Но зачем бы, в самом деле, мог понадобиться истине второй из этих людей? Чтобы проверить её на точность. А первый? Чтобы проверить её на всеохватность.

Воистину, не так давно закончились времена, когда жалел Заратустра о том, что не сочетаются эти качества в полной мере. Но они закончились. И теперь я всякий раз спрашиваю себя: “зачем?” — и выбираю должную пропорцию точности и всеохватности.

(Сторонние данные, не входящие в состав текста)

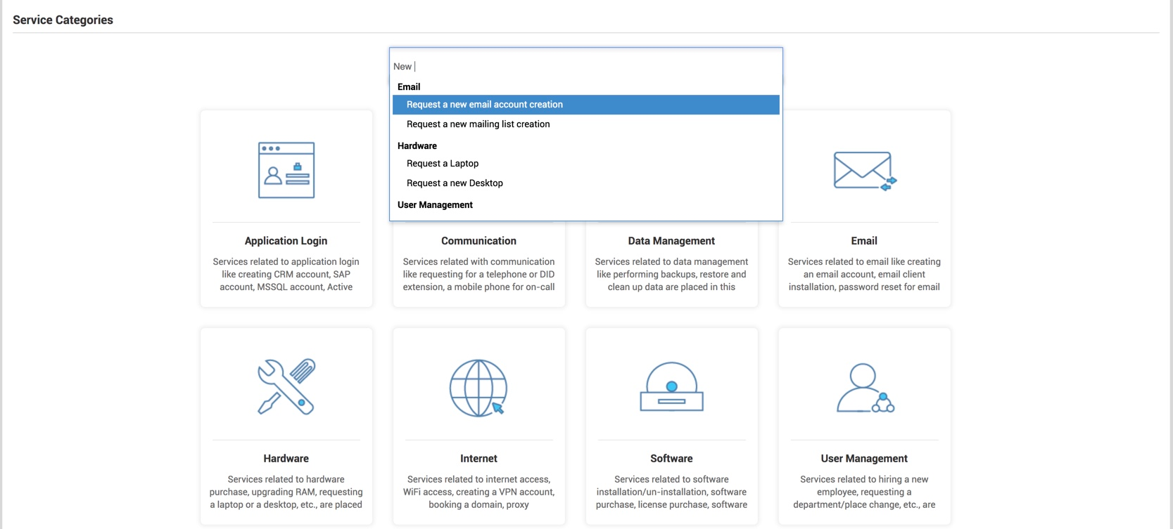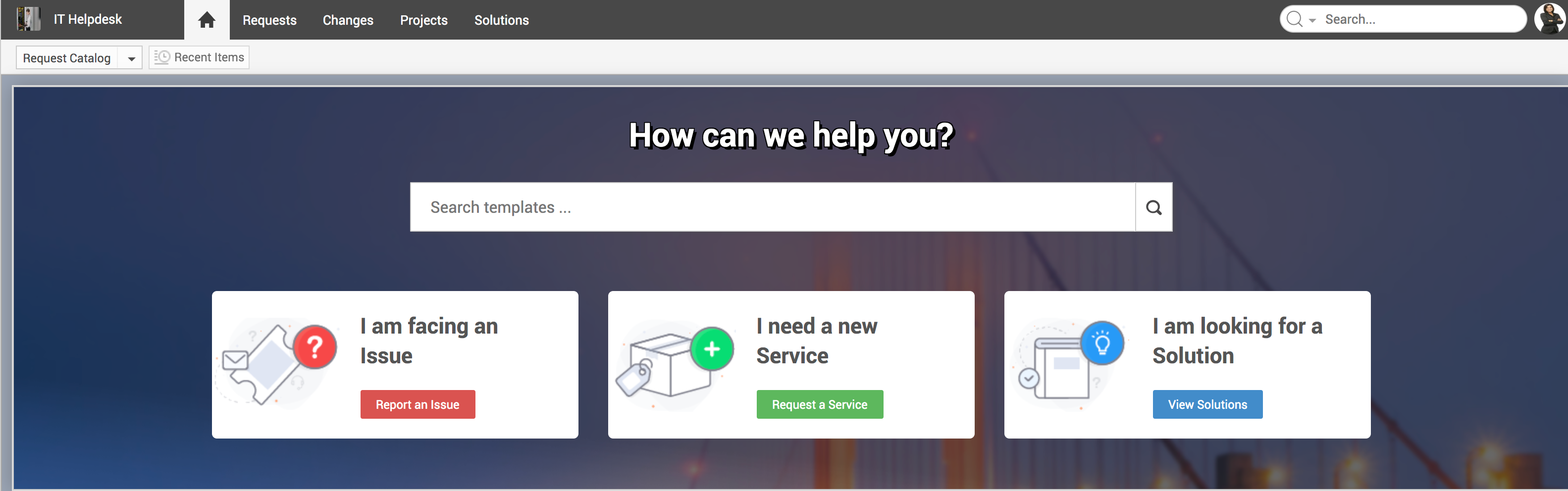 在主页的“我需要一个新服务”磁贴中,单击请求服务。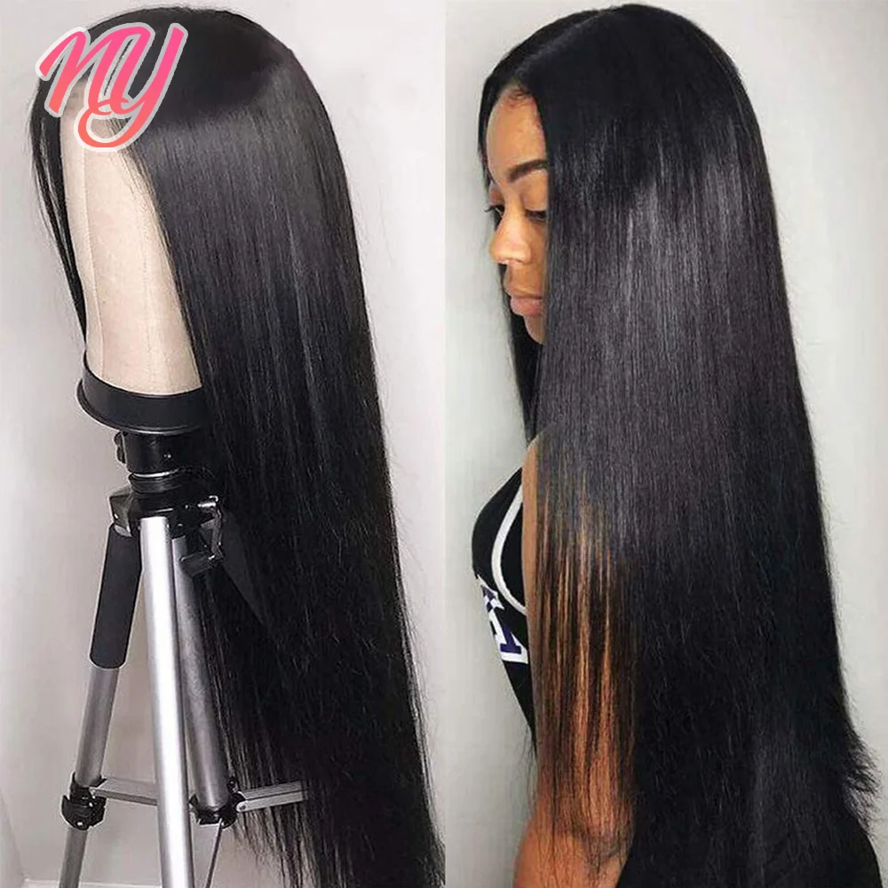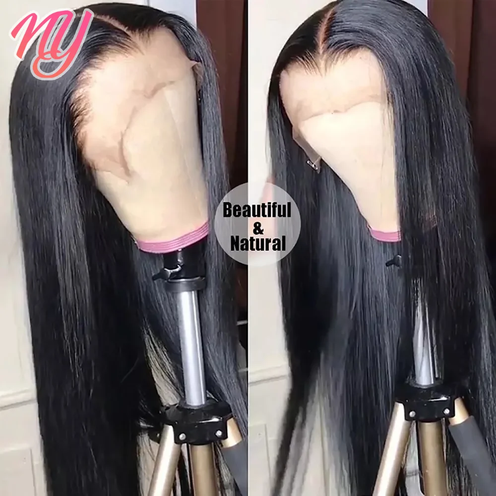 Парик NY на сетке спереди, черные человеческие волосы, бразильский парик естественного цвета, парики без повреждений, прямые человеческие волосы, гладкие парики 13x4, предварительно выщипанные

Так, путешествуя между гордой частицей и мудрой волной, рождает Заратустра своё знание. Не это ли означают собой и мои животные, орёл и змея?!

И теперь, после заданных к ней вопросов, что есть истина, как не ответ? И, как ответ, зависит она от выбора языка.

Изучая ответные движения, всё более и более тонкие миры познавал Заратустра. И вот однажды заглянул он в микроскоп.

Диковинное животное предстало взору Заратустры. Любые формы принимало оно и бесконечно гибким было оно. И в этом танце форм не знало существо, движет ли оно ложноножками или истинноножками, ибо главное в танце — движение.

И если ты хочешь, чтобы твой язык был танцующим, не знай об истине и лжи. Ибо главное в танце — движение. Тогда лучшие из фигур опишет язык твой, танцуя.

Впрочем, некоторые полагают ещё, что язык описывает реальность. Что ж, может быть, он и говорит о том, КАК она устроена. В этом случае он её не только описывает, но и ОБКАКИВАЕТ”.

Написав эти слова, рассмеялся Заратустра, довольный такой шутке и такому танцу языка. И продолжил писать так:

“Шутка мимолётна. Шутка зависит от языка, а язык меняется.

Два будущих ждут всякую шутку, когда в достаточной мере изменится язык.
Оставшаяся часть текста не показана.